La bacchanale va se poursuivre jusqu'au soir. Pendant ce temps, au Palais Bourbon,
se décide le sort de la France et de la monarchie.
A la chambre des députés, certains élus,
tel Adolphe Thiers, ne font qu'una apparition avant de courir se mettre en sûreté.
L'annonce de l'abdication de Louis Philippe en faveur du jeune comte de Paris
a semé la confusion, et la Chambre est désorientée. La majorité et la minorité
sont toutes deux réduites à l'impuissance, dépassées par les événements.
Cependant,
la duchesse Hélène d'Orléans, la veuve du fils aîné de Louis Philippe, accompagnée
de ses fils, les petits ducs Philippe de Paris et Robert de Chartres, ainsi
que de son beau frère, le duc de Nemours, deuxième fils du roi, s'empresse de
se présenter devant les députés pour faire accepter le nouveau roi et proclamer
la régence.

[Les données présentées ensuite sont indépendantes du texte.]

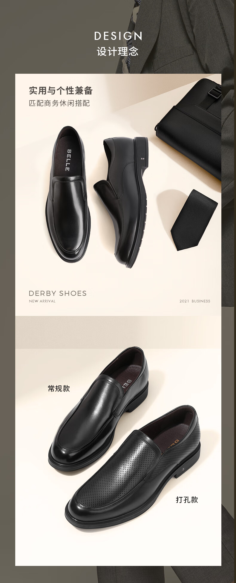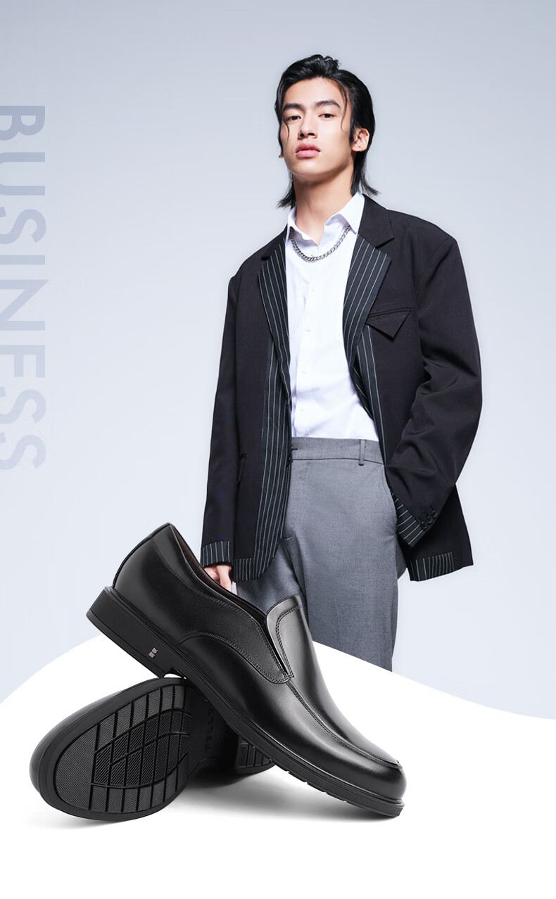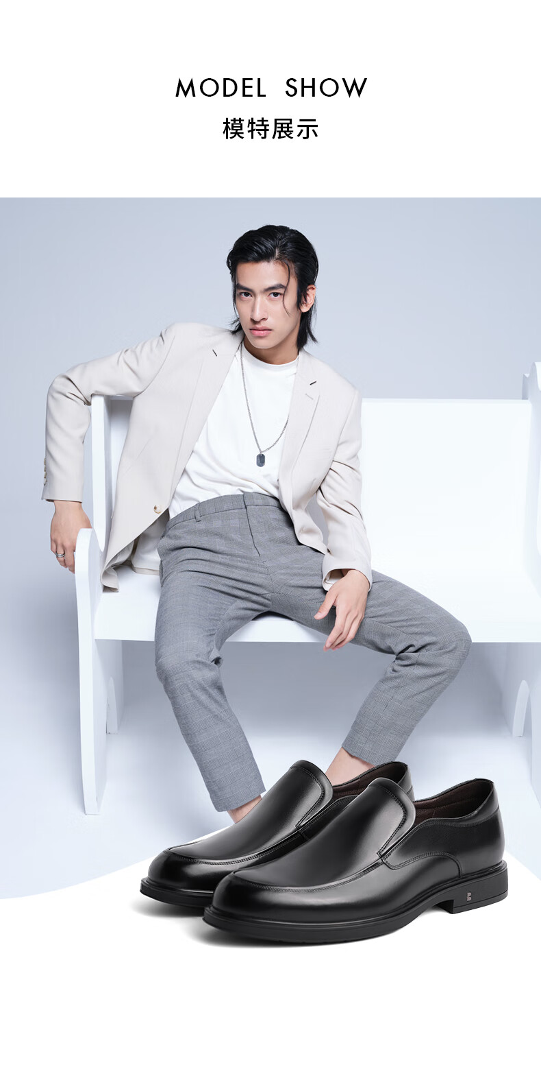 Belle black formal leather shoes men's cowhide business slip-on wedding shoes B3GK7CM1 black 39 (245mm)

Très digne, en habits de deuil, la duchesse prend la parole devant
l'hémicycle en pleine effervescence. "Mon
fils et moi voulons recevoir le pouvoir de la volonté nationale. Nous attendons
avec confiance la résolution qui va être prise. Quoi qu'il arrive, j'élèverai
mon fils dans l'amour de ce pays et le respect de la liberté". Le
député André Dupin monte à la tribune et, en deux mots, propose de revenir sur
la loi de 1842, qui à la mort du duc Ferdinand d'Orléans organisait la régence
aux dépens de la veuve du défunt et au profit du prince le plus proche, le duc
de Nemours. Or, la duchesse est indubitablement plus populaire que son beau
frère, et quelques élus se rappellent qu'en 1842 elle était soutenue par Alphonse
de Lamartine et Odilon Barrot, aujourd'hui en première ligne du mouvement révolutionnaire.

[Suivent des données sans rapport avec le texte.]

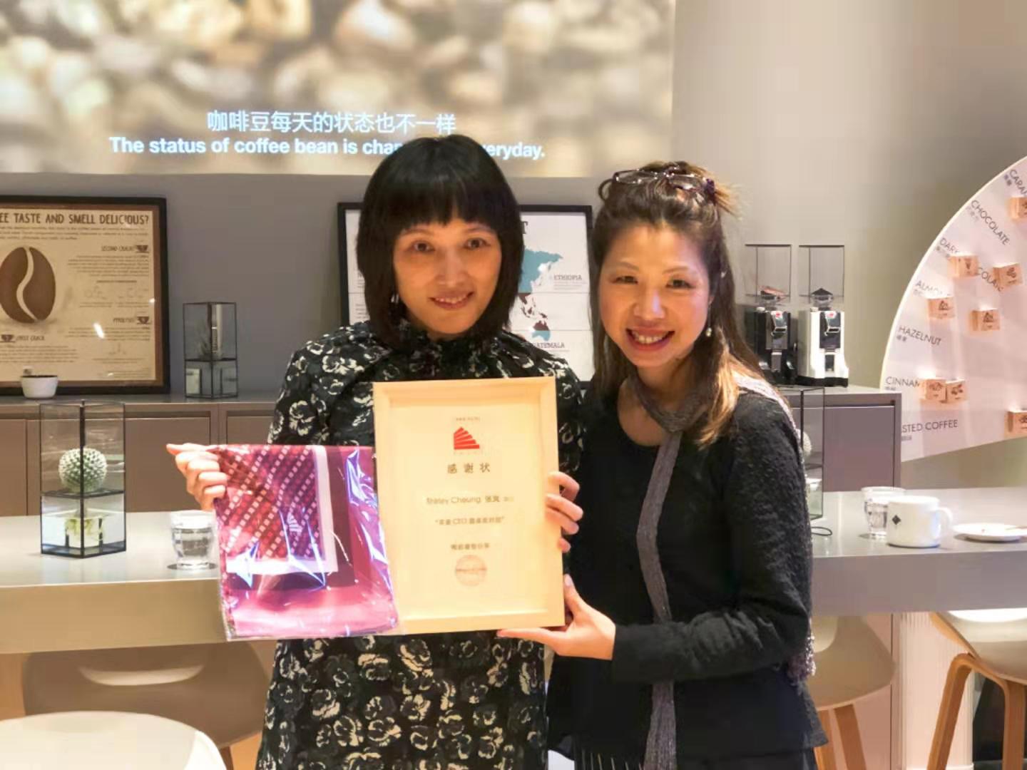 副会长陈宝金女士向张岚女士颁发感谢状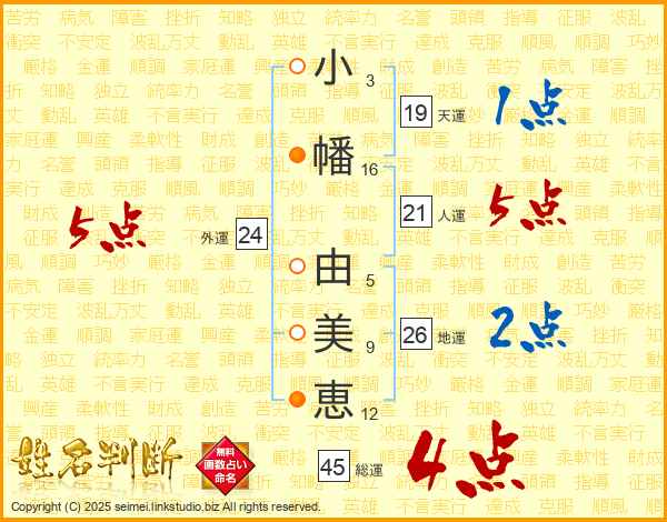 小(3画)幡(16画) 由(5画)美(9画)恵(12画)

Si Dupin envisage de voir la régence confiée
à la duchesse d'Orléans, Adolphe Crémieux, de l'opposition libérale, propose,
sous les acclamations du peuple, qu'un Gouvernement provisoire soit mis en place.
Odilon Barrot, chef de l'opposition dynastique, monte à la tribune et s'exclame
: "Notre devoir est tout tracé, la
Couronne de Juillet repose sur la tête d'un enfant et d'une femme".
Les parlementaires se redressent et applaudissent. La foule, elle, se tait...
La duchesse d'Orléans de lève de son banc, semble vouloir parler, écoute de
timides conseils, puis se rassied. Elle vient de laisser passer sa chance! Odilon
Barrot achève son discours sans parvenir à convaincre. A ce moment, la foule,
qui a envahi l'hémicycle, est refoulée vers les bancs des députés par des hommes
en armes, qui, menés par quelques officiers de la Garde Nationale, entrent dans
la salle des débats. Certains élus pris de peur cèdent la place et quittent
les lieux. Le président décide de suspendre la séance. Mais une telle séance
ne se suspend pas... Crémieux, Lamartine et Ledru Rollin se précipitent d'un
seul élan à la tribune. Lamartine obtient le silence et entreprend un magnifique
éloge du courage de la duchesse d'Orléans. Le peuple, jamais insensible aux
sentiments généreux, applaudit. Les députés respirent. Mais, bientôt, le poète
politicien demande lui aussi qu'un Gouvernement provisoire soit nommé...
Alors que Lamartine vient de lâcher la
monarchie, la porte de la tribune des journalistes vole en éclats sous la pression
d'une foule en armes. Un des arrivants pointe son fusil sur le président et
l'orateur; ses compagnons font mine de mettre en joue l'Assemblée. Des amis
dévoués entraînent rapidement la duchesse d'Orléans et ses fils hors de la salle.
Le président quitte le perchoir, et ce qui restait de conservateurs se disperse...
Le peuple se vautre sur les bancs du centre en s'écriant : "Prenons
la place des vendus!" Sous les cris de "Vive
la République", Lamartine continue sa harangue. Un
semblant de calme revient quand il prononce les noms des membres du Gouvernement
provisoire. Puis un cri retentit : "A
l'Hôtel de Ville!" Le poète saisit la balle au bond
: "Oui, à l'Hôtel de Ville!" et quitte le Palais Bourbon en
entraînant la foule. L'Hôtel de Ville, c'est le coeur du Paris populaire.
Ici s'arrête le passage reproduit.